İşçi Sınıfı Sanatı

İşçi Sınıfı Sanatı

Komünizmin özgürlük dünyası için…

Kemer ve Duvar- İsmail Demir

1 Mayıs sabahı sınıf bilinçli işçiler ve devrimcilerin gözü İstanbul’dan gelecek haberlerdeydi. Çelik iradeleri ile surlarda delik açma ve Taksim’e ulaşma kararlılığında olanlar ile kendini korumaya çalışan sermaye sınıfı çarpışma halindeydi.

Yüreği kıpır kıpır uykudan uyananlar, sosyal medyadan haberleri karıştırmaya başladıklarında bir fotoğraf düştü önlerine. Romalılar tarafından kentin su ihtiyacını karşılamak için yapılmış ve yıllara meydan okuyan ihtişamıyla Bozdoğan Kemeri. Kemerin önünde polisler, polislerin arkalarında tomalar ve kemerin üzerinde keskin nişancılar.

Kemer ve duvar.
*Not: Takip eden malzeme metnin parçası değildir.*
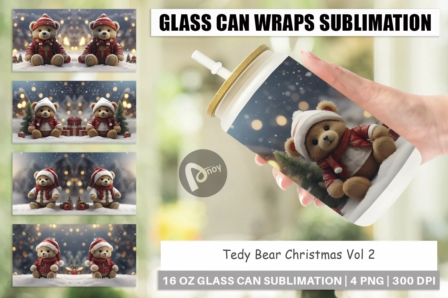 Glass Can Wraps Tedy Bear Christmas example image 1

Bu iki kelime çıkarsama yapanlar için derin anlamlar ifade edebilirdi. 1 Mayıs sabahı çekilen bu fotoğrafta aslında çok şey anlatıyordu. 1 Mayıs ve Taksim için yapılan hazırlık da belki bunun içindi. Bozdoğan Kemerine yığınak yapıp, oradan geçmeye çalışan işçileri engellemeye çalışanlar karanlığı, çürümüşlüğü ve asalaklığı temsil ederken, o duvarı aşıp Taksime ulaşmaya çalışanlar ise geleceği ve güzel günleri temsil ediyordu.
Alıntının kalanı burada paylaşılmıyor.